Man Mo Temple or Man Mo Miu is a temple for the worship of the Civil or Literature God Man Tai () / Man Cheong () and the Martial God Mo Tai () / Kwan Tai (). The two Deities were popularly patronized by scholars and students seeking progress in their study or ranking in the civil examinations in the Ming and Qing dynasties. There are several Man Mo temples in Hong Kong, the best known of which is the temple in Sheung Wan.

Sheung Wan

The largest Man Mo Temple in Hong Kong is on 124–126 Hollywood Road, in Sheung Wan. It was built in 1847. It is part of a complex that comprises three adjacent blocks: Man Mo Temple, Lit Shing Temple (No. 128 Hollywood Road), and Kung So.

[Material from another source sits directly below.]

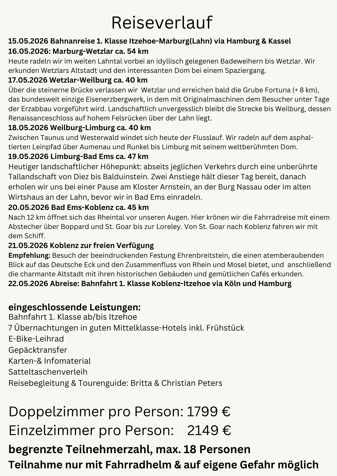 Stellen Sie sich vor, Sie radeln durch eine Landschaft, die wie aus einem Bilderbuch entsprungen scheint: malerische Fachwerkdörfer, weitläufige Naturschutzgebiete und der sanft plätschernde Fluss Lahn, der Sie auf Ihrem Weg begleitet. Unsere E-Bike-Gruppenreise vom 15. bis 22. Mai 2026 bietet genau das – und noch viel mehr! Von Marburg bis Koblenz entdecken wir gemeinsam die Schönheiten des Lahntals, eine der faszinierendsten Radregionen Deutschlands.

The Man Mo Temple, the main building of the complex, is dedicated to the civil god Man Cheong and the martial god Kwan Tai. Lit Shing Kung () is for the worship of all heavenly gods. Kung So (), to its west, was an assembly hall where community affairs and disputes were settled.

In 1908, the temple was officially entrusted to Tung Wah Board of Directors. The temple has since been managed by the Tung Wah Group of Hospitals. It was graded as a Grade I historic building in 1993 and it is now a declared monument.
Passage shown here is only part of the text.